By law, all Italian railway companies must guarantee a minimum number of essential services during strike actions. Guaranteed train services for Emilia-Romagna are available here

Trenitalia train in Italy.

Staff from Emilia-Romagna’s Trenitalia Tper will take part in a 23-hour strike between Sunday, September 18th and Monday, September 19th. Photo by Geoffroy VAN DER HASSELT / AFP


Second aid package – The second government aid package – the decreto aiuti bis – is expected to be made into law on Tuesday, September 20th, when the Senate will be asked to put the final seal of approval on the bill. 

The decreto had been drafted in early August, but its journey through the Italian parliament was delayed by parties’ disagreements over measures including the new superbonus measures and a much-discussed salary cap for civil service managers.

READ ALSO: Energy crisis: Italy’s outgoing PM pledges more help with soaring prices

While the decreto bis approaches its final legislative destination, after which it will officially become law, the prime minister on Friday announced a third aid package (decreto aiuti ter) is on the way, and is set to include a further extension of the ‘bonus sociale’ (a discount on utility bills for low-income families).

Milan Fashion Week – One of Italy’s most hotly anticipated annual events, Milan Fashion Week will start on Tuesday, September 20th.  

As always, the week-long festival will offer a plethora of fashion shows and exclusive insights into the spring/summer collections of some of the most famous international designers.

As it was the case last year, the event organiser, Camera della Moda, will live-broadcast most of the shows on their website to allow people from all over the world to follow their favourite festival moments.

Milan Fashion Week’s complete events calendar is available here.

Milan Fashion Week

The much-anticipated autumn edition of Milan Fashion Week will start on Wednesday, September 20th. Photo by Miguel MEDINA / AFP


Bad weather – According to the latest weather forecasts, cold air fronts that moved in from eastern Europe last week are expected to sweep acrosss Italy on Wednesday, September 21st. 

Southern regions, especially those facing the Adriatic, are expected to be hit by localised rainstorms, which, depending on the area, might turn out to be of medium or even high intensity. 

Temperatures, experts say, should also return to season averages after the unusual heat of the past few days.


Pompeii Street Festival – The second edition of the Pompeii Street Festival will start on Thursday, September 22nd. 

Prior to being destroyed by a catastrophic eruption of Mount Vesuvius in 79 AD, Pompeii was a thriving Roman city whose houses were famously decorated with beautiful frescoes and tempera paintings – many of these are still visible in today’s archaeological site. 

Pompeii's archeological site, south of Naples.

The second edition of the Pompeii Street Festival will start on Thursday, September 22nd. Photo by Andreas SOLARO / AFP

The upcoming festival will celebrate Pompeii’s ancient ‘street art’ with a series of events ranging from art to cinema to photography. 
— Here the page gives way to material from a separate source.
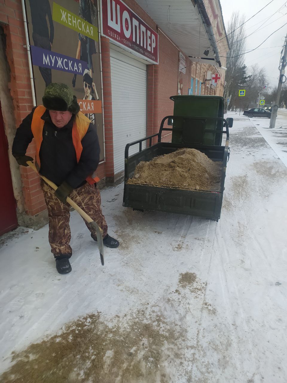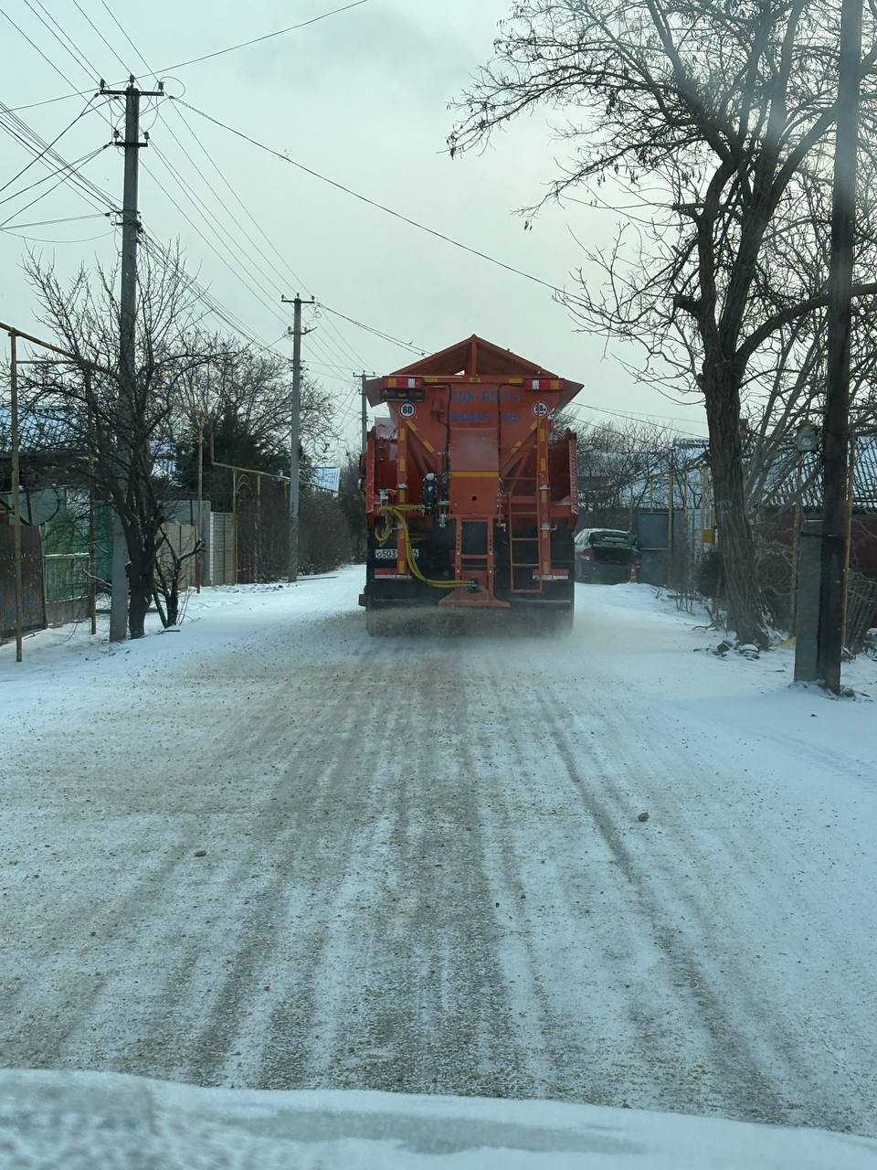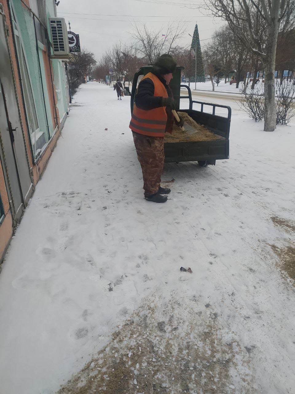 В выходные дни, 17 и 18 января, работники МКУ «Азовкоммунсервис» и ГБУ «Херсон Автодор» продолжают проводить работы по противогололёдной обработке улиц, спусков и тротуаров на центральных улицах Геническа и Арабатской Стрелки, особенно в местах с высокой проходимостью.

Lucca Film Festival – One of Italy’s most renowned film festivals, Lucca Film Festival, will start on Friday, September 23rd. 

The festival, whose first edition was held back in 2005, will once again offer screenings, conferences and performances ranging from mainstream to art-house cinema.
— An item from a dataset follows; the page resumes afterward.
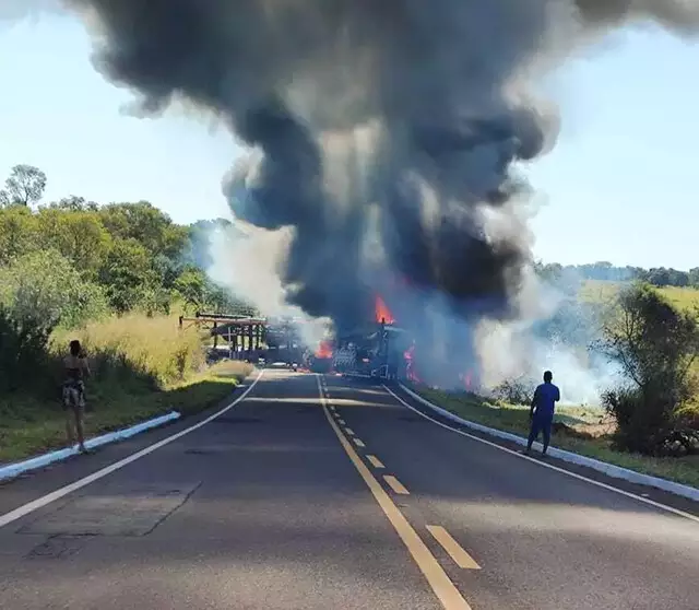 Acidente - Os dois caminhões pegaram fogo depois de colisão frontal, na MS-338, por volta de 12h30. Conforme o major do Corpo de Bombeiros, Bruno Vilela, o acidente ocorreu na altura do km-288, a cinco quilômetros de Santa Rita do Pardo, sentido a cidade de Bataguassu. As causas da colisão serão investigadas.

This year’s festival will also host a number of illustrious guests, including Italian director Giuseppe Tornatore and Welsh director Peter Greenaway.


General elections – Italy’s general elections will take place on Sunday, September 25th. 

Polling stations across the country will open at 7am and shut at 11pm, with counting expected to start immediately after. 

READ ALSO: EXPLAINED: Five ways Italy’s 2022 elections will be different

Though foreign EU nationals who legally reside in Italy can register to vote in municipal and European parliamentary elections, only Italian citizens can vote in the country’s general elections.

All voters living in Italy cast their ballots in the town in which they are registered to vote, i.e. their comune, and at the specific polling station assigned to them.